Exercise details ->
While copying the entries exactly, leave out each picture they contain.

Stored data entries

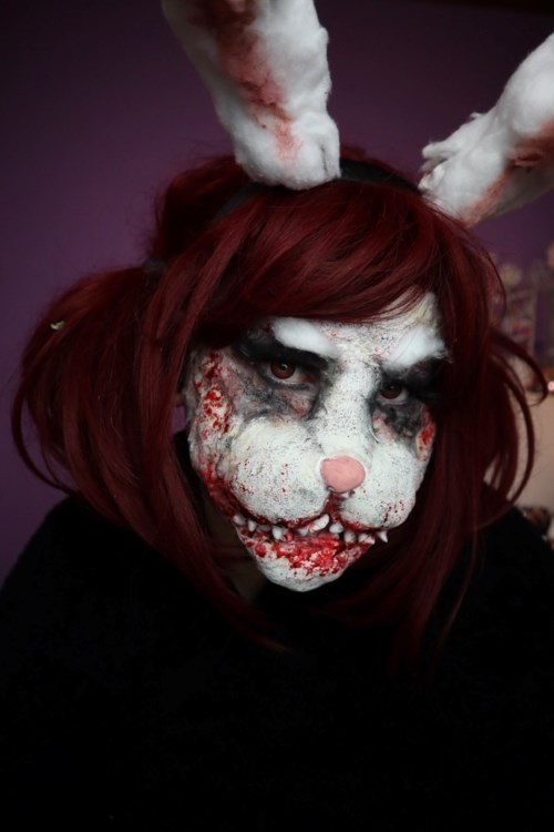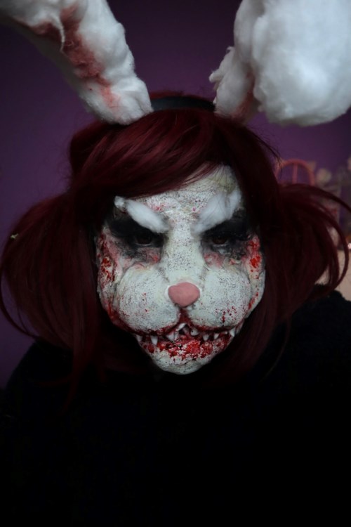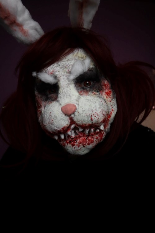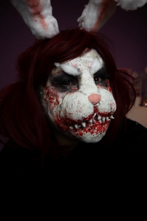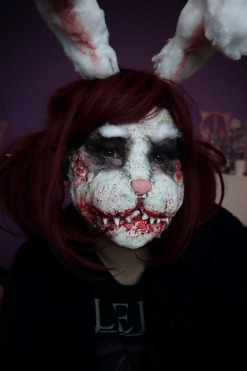 Das Make-up von gestern! Mein erster Gedanke war, dass ich einen Hasen machen wollte, der in die süße Richtung geht, aber gleichzeitig ein bisschen blutig, aber dann wollte ich zu einem deutlich blutigeren Make-up übergehen, ich weiß nicht genau, wie mein müder Kopf dachte, aber nichts lief wie geplant und ich hasste das Ergebnis. Ich wünschte, ich hätte die "Nase" etwas höher gesetzt und alles andere ein bisschen anders gemacht, aber es wurde, wie es wurde, und ich denke, ich lade es trotzdem hoch, obwohl ich mitten im Ganzen einfach alles abreißen und ins Bett gehen wollte cx Füge ein Bild während des Prozesses hinzu, wo man vielleicht trotzdem einen kleinen Eindruck davon bekommen kann, was ich mir von Anfang an vorgestellt habe, und auch, wie es aussah, als ich es danach abgenommen habe cx #halloween25
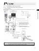 Caution: Do not connect an equipment to the mini DIN connector and D-sub connector at the same
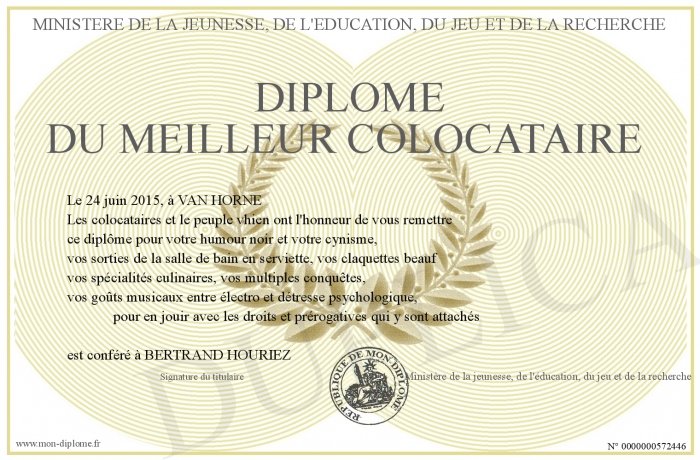 Envoyez par email votre Diplôme du meilleur colocataire personalisé
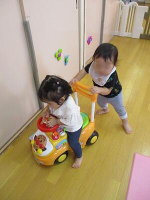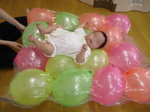 0歳児クラスの室内あそびの様子です。風船をたくさん入れた布団の圧縮袋はふわふわベッドに早変わり!ゴロンと横になったり、ゆらゆら揺らしてもらい、感覚を楽しんでいます。月齢の大きい子はコンビカーを押したり、漕いだりと足をたくさん使うことで歩行が安定してきます。
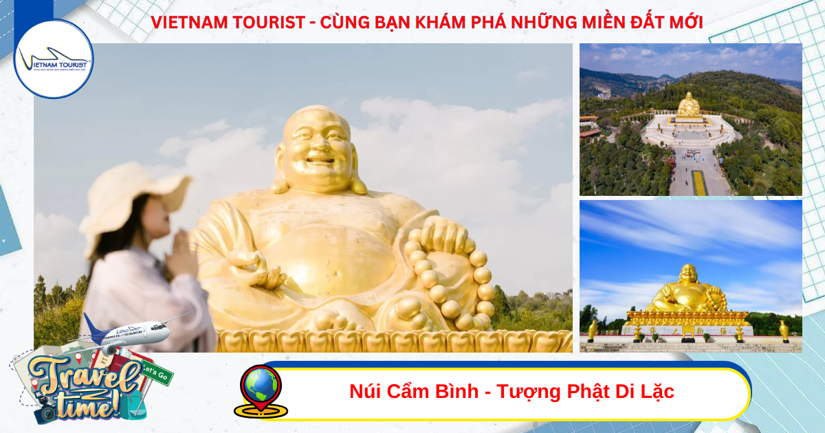 Núi Cẩm Bình - Tượng Phật Di Lặc Với độ cao 19.99 mét, bức tượng phủ bóng xuống chúng sinh. Đây là tượng Phật Di Lặc bằng đồng ngồi lớn nhất thế giới, không ẩn mình trong chùa chiền, mà hòa làm một với núi non, thành phố và đường chân trời. Dáng vẻ viên mãn, tấm lòng rộng mở và nụ cười vĩnh hằng của Ngài diễn giải sống động trí tuệ phương Đông: "Bụng lớn dung chứa được, miệng mở liền cười.
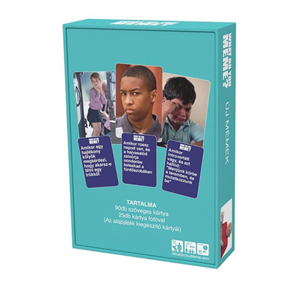 A What Do You Meme? társasjáték eléggé elterjedt az utóbbi időben, nem is csoda, hiszen a fotós kártyák és a szöveges kártyák, jobban mondva meme kártyák mindig egy vicces hangulatot teremtenek a játékosok között. Ezeknek az a feladatuk, hogy egy fotós kártyához megtalálják a legjobb szöveges kártyát, amely hatására elnyerjék a kört és egyben a pontot is. Ez a csomag az első kiegészítő a What Do You Meme? – A kemény magnak társasjátékhoz. 25 képkártyát és 90 szövegkártyát tartalmaz, amelyeket belekeverhetsz az eredeti pakliba, így még izgalmasabbá téve a játékot.
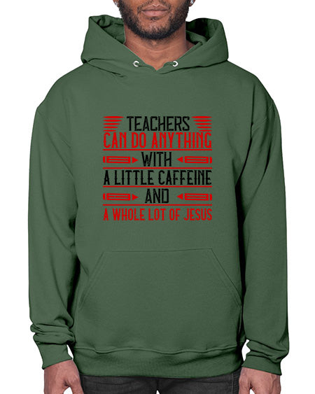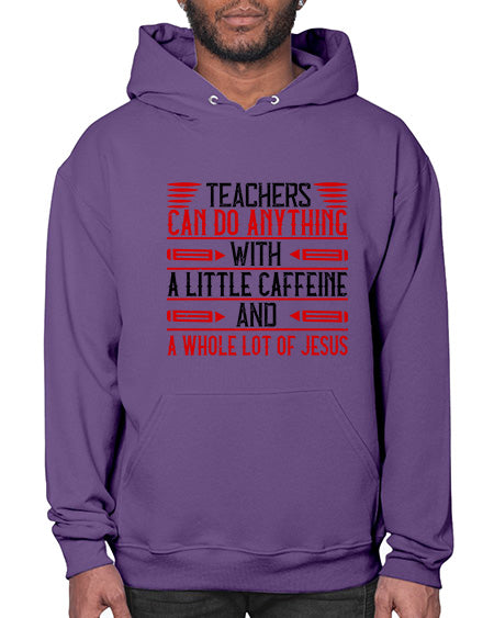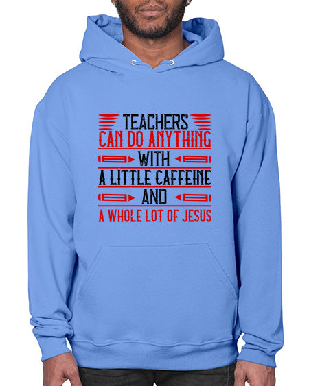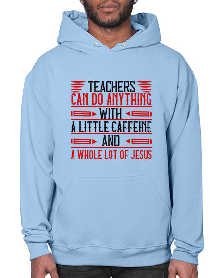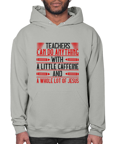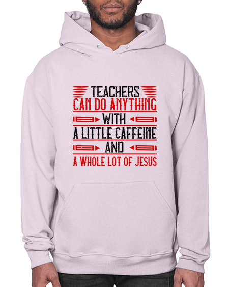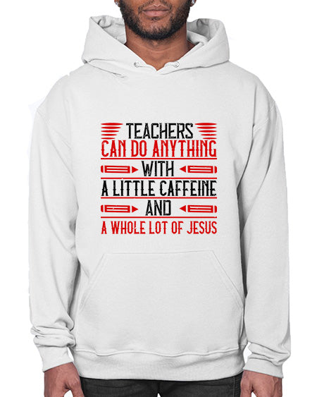 Teachers Can Do Anything With A Little Caffeine And A Whole Lot Of Jesus Style 1472# - teacher - Hoodie Unisex, machine washable, front pouch pocket - 8 oz, 50% cotton/50% polyester NuBlendŽ preshrunk fleece
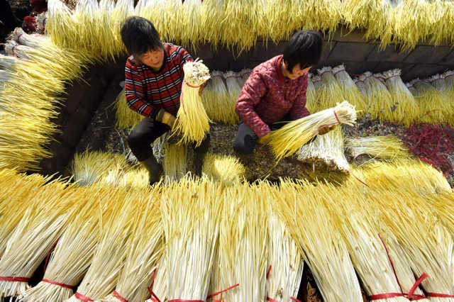 2016年12月1日,山东省沂源县悦庄镇东小水村的农民在整理收获的蒜黄。新华社发(赵东山 摄)
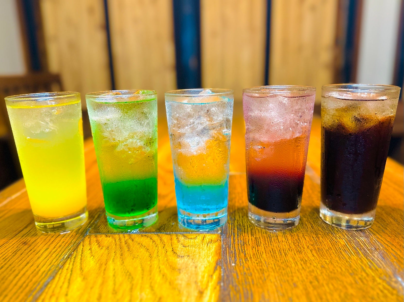 写真左から、パイナップルサワー、メロンサワー、ラムネサワー、グレープサワー、コーラサワー。特典にカード1枚(※無くなり次第終了)が付いてきます。
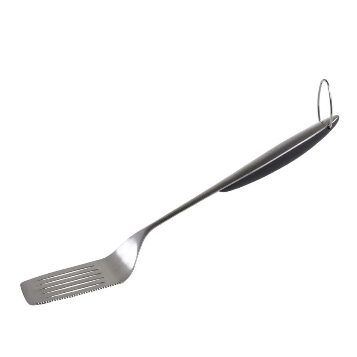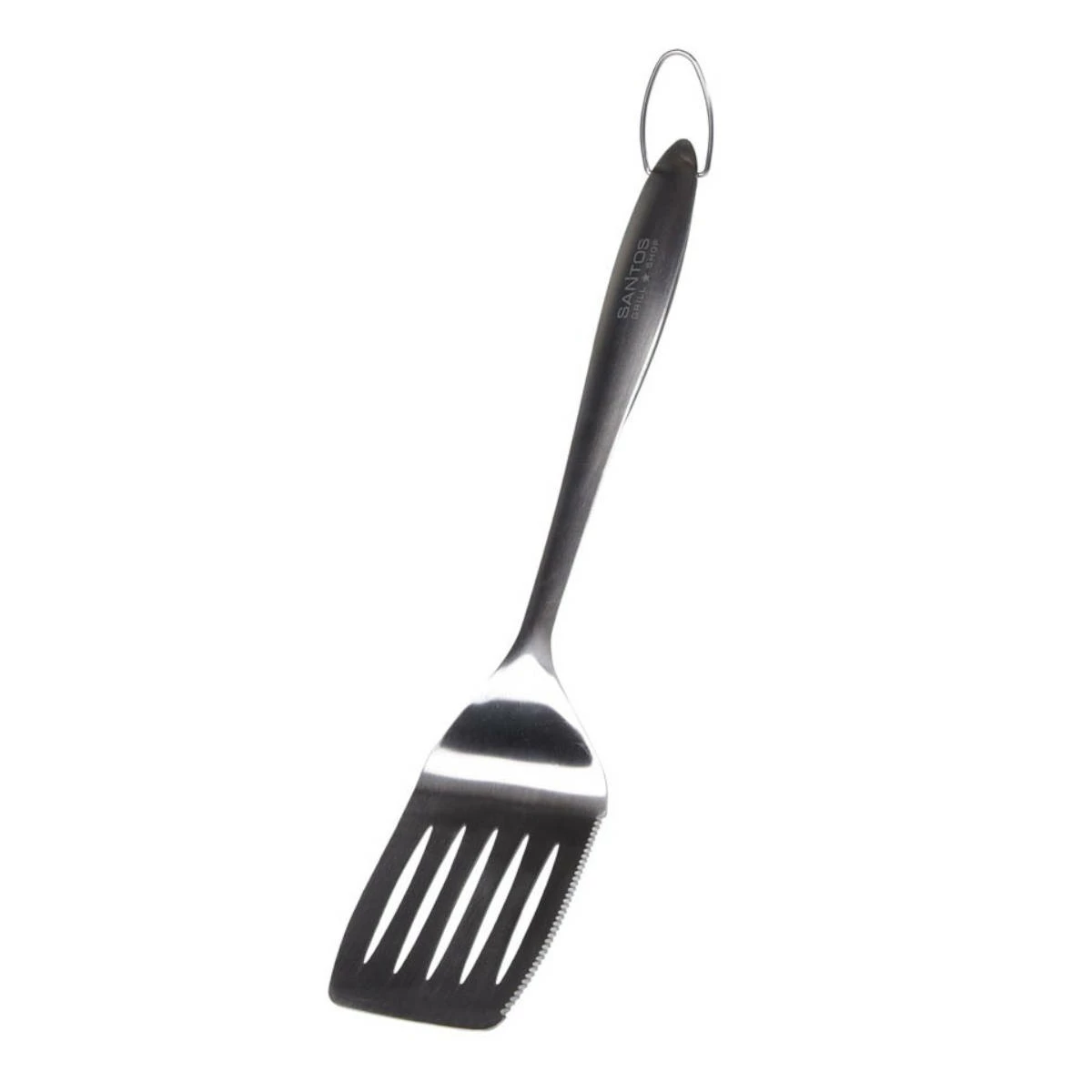 Die SANTOS Spatula, gerade Kanten, abgeflachte Spitze zum besseren heben von Grillgut aller Art mit einem festen stabilen Griff. Wir legen sehr viel Wert auf Qualität, nehmt den Spatula in die Hand und Ihr werdet begeistert sein. Die Spatula ist zum wenden von Bratgut, Hamburgern, Fleisch, Geflügel einfach alles was seinen Platz auf Erem Grill findet und selbstverständlich auch für die einfache Reinigung von Grillplatten aller Art wie z.B. Steakplatten, Teppanyaki geeignet.

Finished exercise ->
 Das Make-up von gestern! Mein erster Gedanke war, dass ich einen Hasen machen wollte, der in die süße Richtung geht, aber gleichzeitig ein bisschen blutig, aber dann wollte ich zu einem deutlich blutigeren Make-up übergehen, ich weiß nicht genau, wie mein müder Kopf dachte, aber nichts lief wie geplant und ich hasste das Ergebnis. Ich wünschte, ich hätte die "Nase" etwas höher gesetzt und alles andere ein bisschen anders gemacht, aber es wurde, wie es wurde, und ich denke, ich lade es trotzdem hoch, obwohl ich mitten im Ganzen einfach alles abreißen und ins Bett gehen wollte cx Füge ein Bild während des Prozesses hinzu, wo man vielleicht trotzdem einen kleinen Eindruck davon bekommen kann, was ich mir von Anfang an vorgestellt habe, und auch, wie es aussah, als ich es danach abgenommen habe cx #halloween25
 Caution: Do not connect an equipment to the mini DIN connector and D-sub connector at the same
 Envoyez par email votre Diplôme du meilleur colocataire personalisé
 0歳児クラスの室内あそびの様子です。風船をたくさん入れた布団の圧縮袋はふわふわベッドに早変わり!ゴロンと横になったり、ゆらゆら揺らしてもらい、感覚を楽しんでいます。月齢の大きい子はコンビカーを押したり、漕いだりと足をたくさん使うことで歩行が安定してきます。
 Núi Cẩm Bình - Tượng Phật Di Lặc Với độ cao 19.99 mét, bức tượng phủ bóng xuống chúng sinh. Đây là tượng Phật Di Lặc bằng đồng ngồi lớn nhất thế giới, không ẩn mình trong chùa chiền, mà hòa làm một với núi non, thành phố và đường chân trời. Dáng vẻ viên mãn, tấm lòng rộng mở và nụ cười vĩnh hằng của Ngài diễn giải sống động trí tuệ phương Đông: "Bụng lớn dung chứa được, miệng mở liền cười.
 A What Do You Meme? társasjáték eléggé elterjedt az utóbbi időben, nem is csoda, hiszen a fotós kártyák és a szöveges kártyák, jobban mondva meme kártyák mindig egy vicces hangulatot teremtenek a játékosok között. Ezeknek az a feladatuk, hogy egy fotós kártyához megtalálják a legjobb szöveges kártyát, amely hatására elnyerjék a kört és egyben a pontot is. Ez a csomag az első kiegészítő a What Do You Meme? – A kemény magnak társasjátékhoz. 25 képkártyát és 90 szövegkártyát tartalmaz, amelyeket belekeverhetsz az eredeti pakliba, így még izgalmasabbá téve a játékot.
 Teachers Can Do Anything With A Little Caffeine And A Whole Lot Of Jesus Style 1472# - teacher - Hoodie Unisex, machine washable, front pouch pocket - 8 oz, 50% cotton/50% polyester NuBlendŽ preshrunk fleece
 2016年12月1日,山东省沂源县悦庄镇东小水村的农民在整理收获的蒜黄。新华社发(赵东山 摄)
 写真左から、パイナップルサワー、メロンサワー、ラムネサワー、グレープサワー、コーラサワー。特典にカード1枚(※無くなり次第終了)が付いてきます。
 Die SANTOS Spatula, gerade Kanten, abgeflachte Spitze zum besseren heben von Grillgut aller Art mit einem festen stabilen Griff. Wir legen sehr viel Wert auf Qualität, nehmt den Spatula in die Hand und Ihr werdet begeistert sein. Die Spatula ist zum wenden von Bratgut, Hamburgern, Fleisch, Geflügel einfach alles was seinen Platz auf Erem Grill findet und selbstverständlich auch für die einfache Reinigung von Grillplatten aller Art wie z.B. Steakplatten, Teppanyaki geeignet.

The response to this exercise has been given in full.